Package: libxnnpack-dev
Architecture: any
Depends: libxnnpack0 (= ${binary:Version}), ${misc:Depends}
Description: High-efficiency floating-point neural network inference operators (dev)
 XNNPACK is a highly optimized library of floating-point neural network
 inference operators for ARM, WebAssembly, and x86 platforms. XNNPACK is not
 intended for direct use by deep learning practitioners and researchers; instead
 it provides low-level performance primitives for accelerating high-level
 machine learning frameworks, such as TensorFlow Lite, TensorFlow.js, PyTorch,
 and MediaPipe.
 .
 This package contains the development files.

Package: libxnnpack0
Architecture: any
Depends: ${misc:Depends}, ${shlibs:Depends}
Description: High-efficiency floating-point neural network inference operators (libs)

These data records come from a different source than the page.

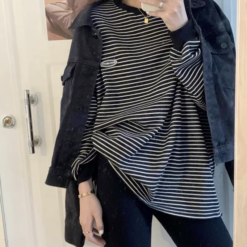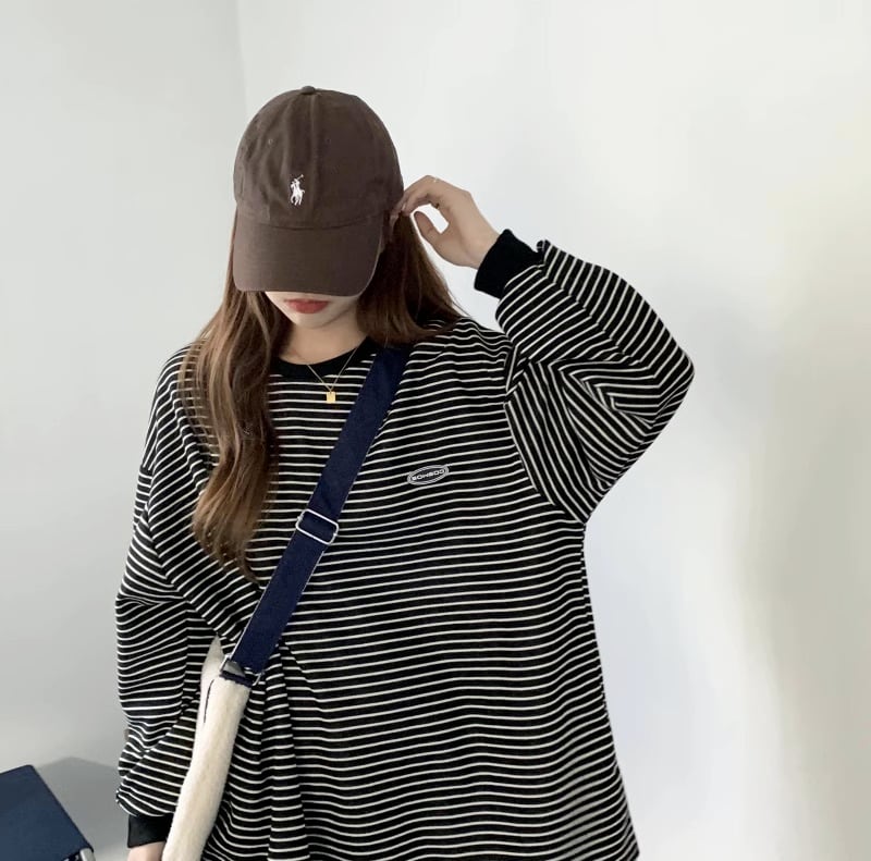 細めのボーダー柄がおしゃれな長袖トップスです。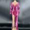 This high split dress has long sleeves, a collar round on the front but wide on the back. It is skincolor and tranparent. The cheast is clean while other parts are filled with mirror- like silver sequins in the same color of the dress and they make it shiny.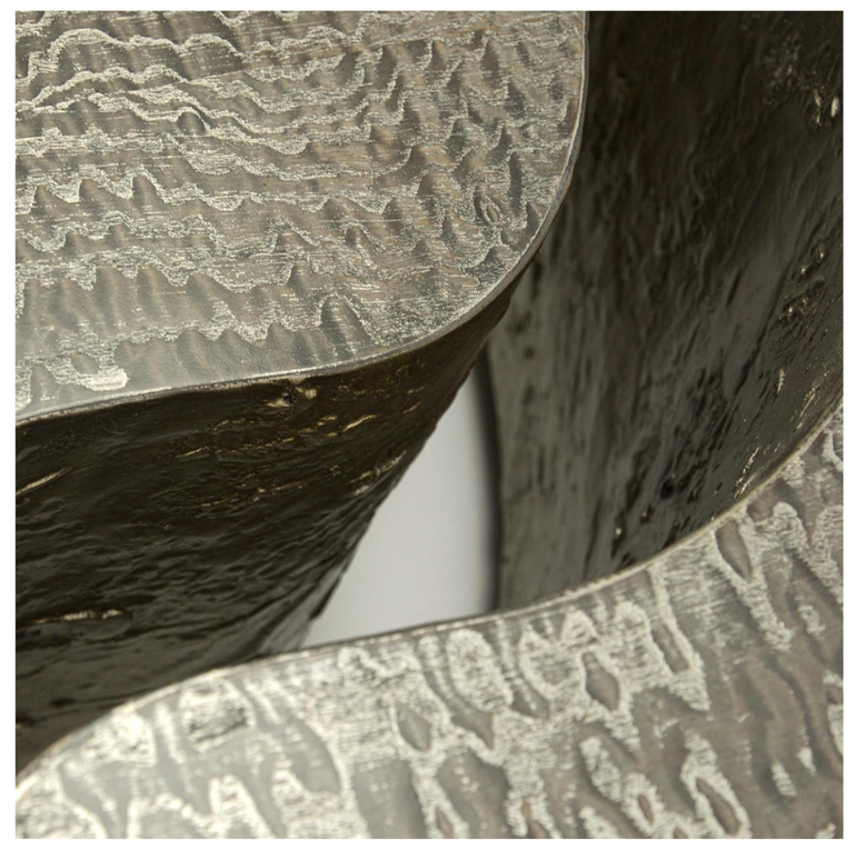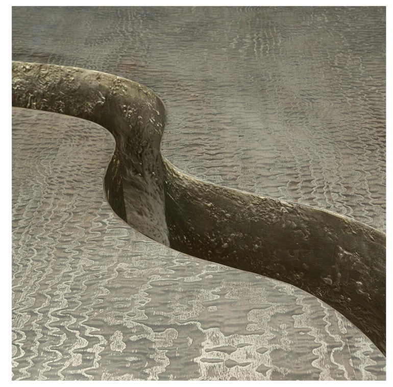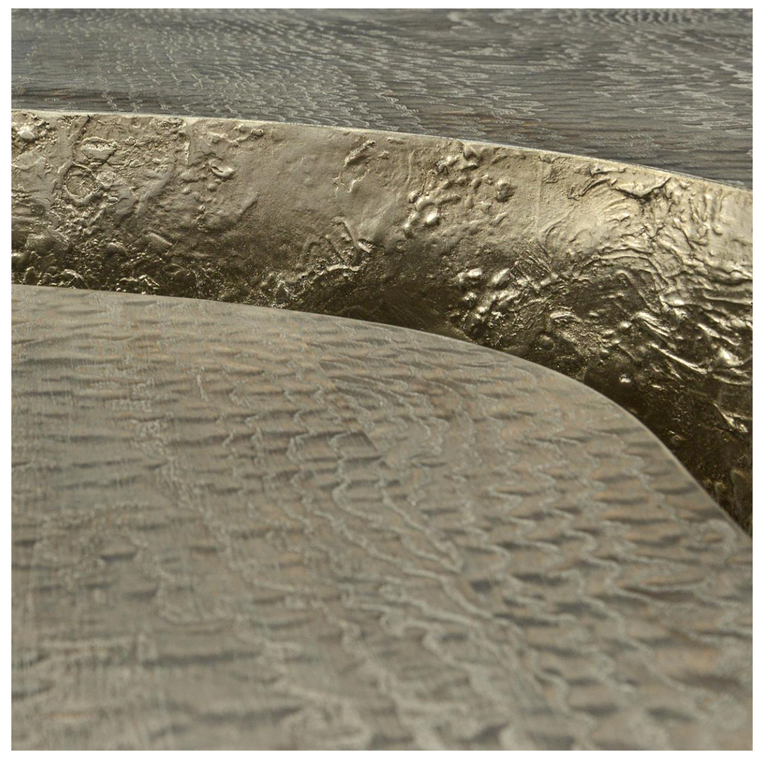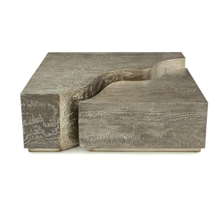 This architectural cocktail table features two pieces that fit together to create a contemporary bilevel effect. The sophisticated Silvered Tamo Ash veneer is enhanced with textured Burnished Silver Leaf along the split.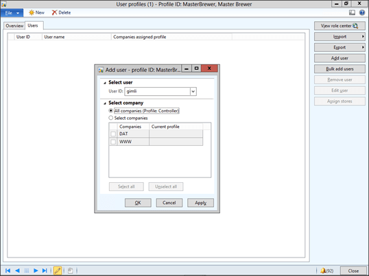 Then click on the Users tab. To assign your users Profile click on the Add user button.

 XNNPACK is a highly optimized library of floating-point neural network
 inference operators for ARM, WebAssembly, and x86 platforms. XNNPACK is not
 intended for direct use by deep learning practitioners and researchers; instead
 it provides low-level performance primitives for accelerating high-level
 machine learning frameworks, such as TensorFlow Lite, TensorFlow.js, PyTorch,
 and MediaPipe.
 .
 This package contains the shared object.